A new campground in the Broughton Archipelago located off the northern part of Vancouver Island (Canada) is expected to help the economy of a local First Nation.
According to a report, the Kwikwasut’inuxw Haxwa’mis First Nation government has launched a Come Back Home plan that will provide housing and health care, education, transportation, and other basic services that will facilitate an eventual return of their people back to their homelands.
The central idea behind this strategy is the development of a tourism-based economy that will replace the once flourishing forestry and fisheries industries which employed many of their people.
The First Nation received CA$50,000 in funding for new camping facilities at Buddy Bay, near the Gilford Island village of Gwa’yas’dums, from the Island Coastal Economic Trust (ICET)’s Capital and Innovation Program.
The project’s budget is CA$324,971. Construction is scheduled to begin in the fall of 2022.
“Our Nation is one of the few First Nations who are still fortunate enough to live in their traditional village site, which we have occupied for thousands of years,” said Kwikwasut’inuxw Haxwa’mis First Nation Chief Rick Johnson.
“Gwa’yas’dums Village remains a strong draw for many of our members who live off reserve and who wish to return home.”
The Come Back Home project has other initiatives that address the public interest in Indigenous ecotourism and cultural experiences including the reconstruction of the Gwa’yas’dums Bighouse in 2014, the acquisition of the Echo Bay Marina and Lodge in 2020, and the completion of an interpretive ecotourism trail in Echo Bay in 2022. All of the initiatives were led by the Kwikwasut’inuxw Haxwa’mis First Nation.
“Gilford Island is the largest island in the world-renowned Broughton Archipelago, and the Village of Gwa’yas’dums is well positioned to become increasingly involved in the area’s growing tourism market,” said Chief Johnson.
“Our new permanent campground at Buddy Bay will be a 10-minute walk from Gwa’yas’dums and will support business investment and attraction related to ecotourism including kayak rentals, marine wildlife sightseeing guide outfits.”
Buddy Bay Campground will offer accommodations for visitors arriving on group kayak tours, self-organized tours, and many other marine excursions.
The campground will feature tent pads and a covered meeting area, an outdoor shower and outhouse, potable water, safety, and cultural interpretive signage, and trail improvements to existing trails to facilitate easy access to the village.
Future offerings could include traditional experiences like meals, marine tours, and cultural excursions facilitated by Kwikwasut’inuxw Haxwa’mis First Nation community members.
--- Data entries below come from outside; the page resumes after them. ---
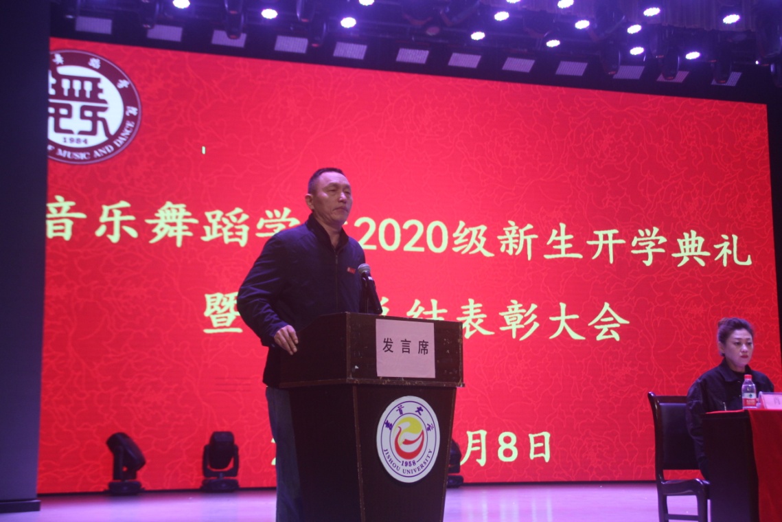 院长李开沛做院情介绍,希望同学们能在学习生活中践行“崇德尚艺,传承创新”的院训和“学术相长,立艺立人”的办学理念,做新时代的吉大音舞人!
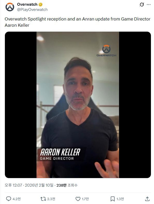 <오버워치> 공식 채널을 통해 '애론 켈러' 게임 디렉터는 다음과 같이 말했다.
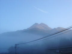 朝霧の由布岳 宿泊したフォーディズ湯布院保養所から朝霧の掛かる由布岳を撮影 |
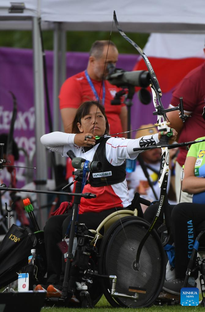 Japanese archer Shigesada Chika competes during the third round of the individual elimination matches of Recurve Women Open at 2023 World Archery Para Championships in Pilsen, the Czech Republic, July 20, 2023. (Xinhua/He Canling)
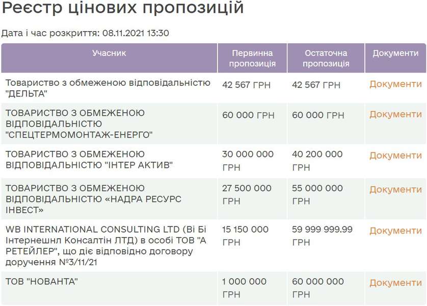 Участь в аукціоні взяли 6 компаній. Стартова ціна лоту була 42 567 гривень. Протягом торгів вона зросла до 60 мільйонів гривень. Таку суму запропонувало київське ТОВ «Нованта», статутний капітал якого становить 1 тисячу гривень.
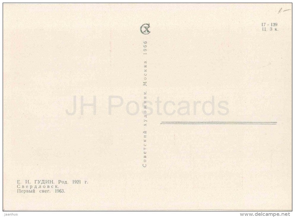 painting by E. Gudin - Sverdlovsk . First Snow , 1963 - truck - forest industry - russian art - unused
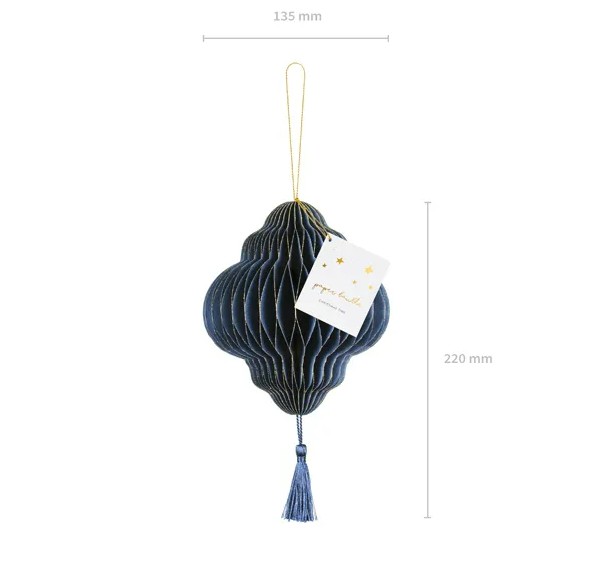 Dieser Weihnachtshänger in Honeycomb-Optik bringt festlichen Glanz in dein Zuhause. Der Papieranhänger in elegantem Blau mit feinem Goldrand sorgt für eine edle und warme Atmosphäre.
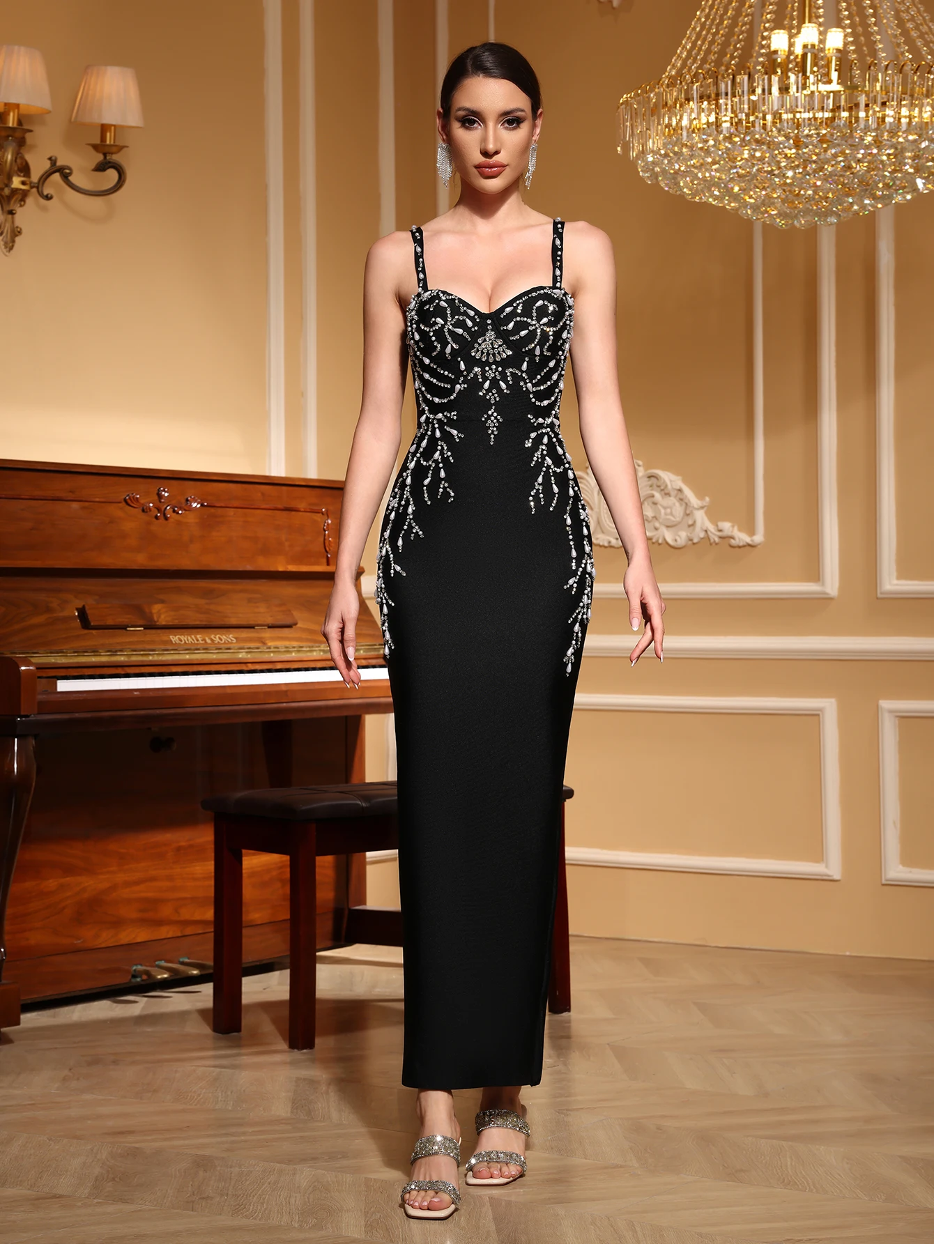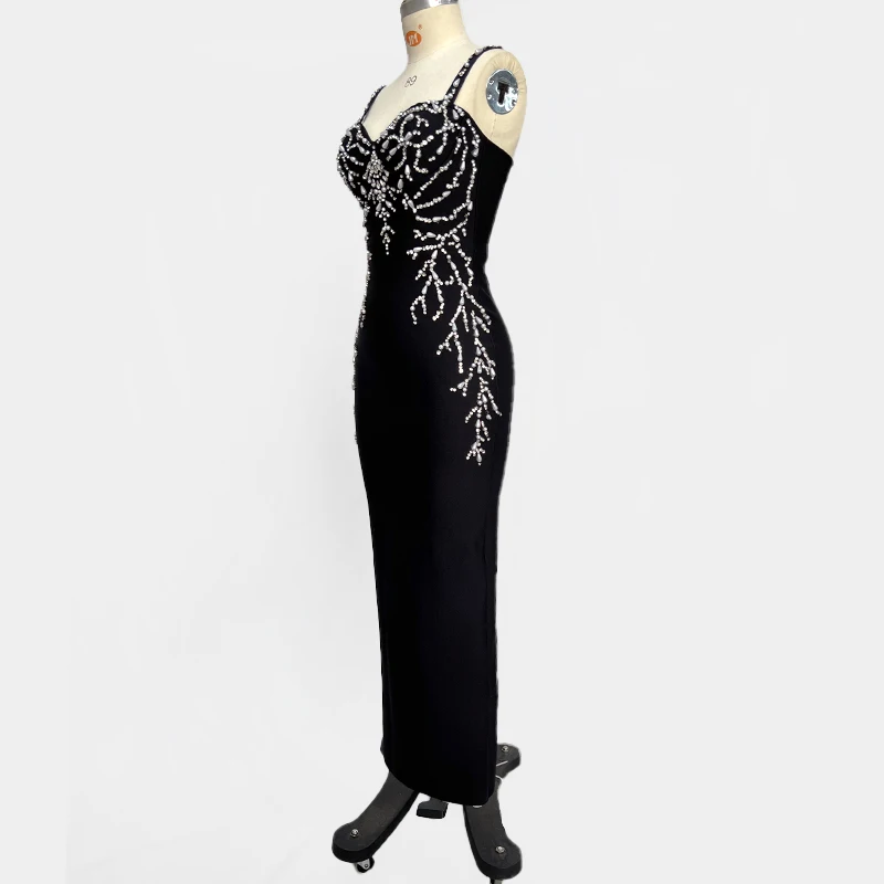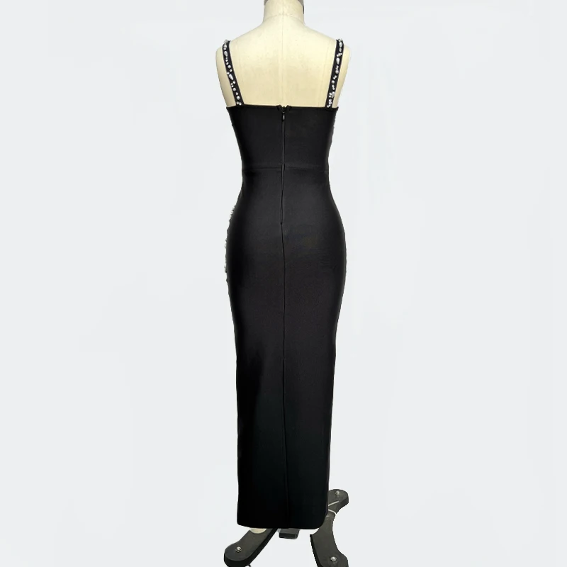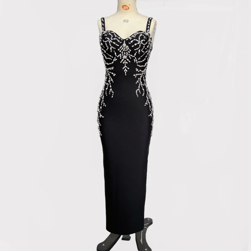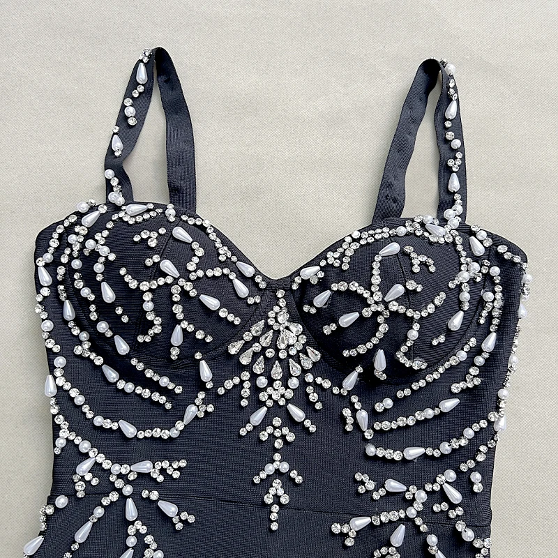 Wholesale Black Spaghetti Strap Ruffles Rhinestones Fashionable sexy Party Celeb
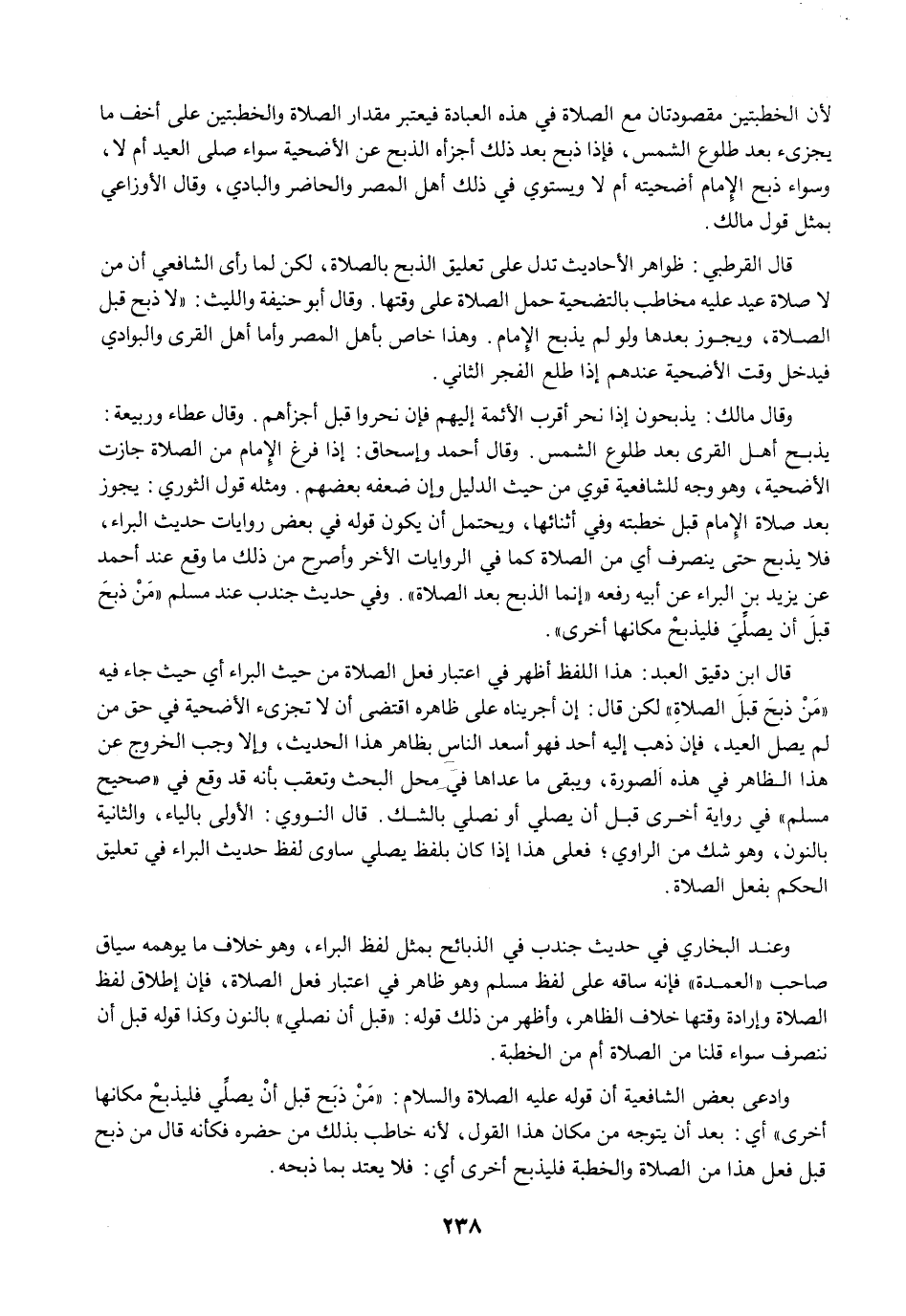 قال ابن دقيق العبد: هذا اللفظ أظهر في اعتبار فعل الصلاة من حيث البراء أي حيث جاء فيه "مَنْ ذبحَ قبلَ الصلاةِ" لكن قال: إن أجريناه على ظاهره اقتضى أن لا تجزىء الأضحية في حق من لم يصل العيد، فإن ذهب إليه أحد فهو أسعد الناس بظاهر هذا الحديث، وإلا وجب الخروج عن هذا الظاهر في هذه الصورة، ويبقى ما عداها في محل البحث وتعقب بأنه قد وقع في "صحيح مسلم" في ش واية أخرى قبل أن يصلي أو نصلي بالشك. قال النووي: الأولى بالياء، والثانية بالنون، وهو شك من الراوي؛ فعلى هذا إذا كان بلفظ يصلي ساوى لفظ حديث البراء في تعليق الحكم بفعل الصلاة.

“First Nations have and continue to steward these special places which visitors come to experience. Too often in the past, kayakers and ecotourism companies have used the beautiful territories of First Nations without contributing back towards their stewardship,” said ICET chair Aaron Stone.
“By introducing a new tourism experience to the Broughtons, this project will attract visitors to beautiful Gwa’yas’dums where they can experience Kwikwasut’inuxw Haxwa’mis culture and community in a respectful way.”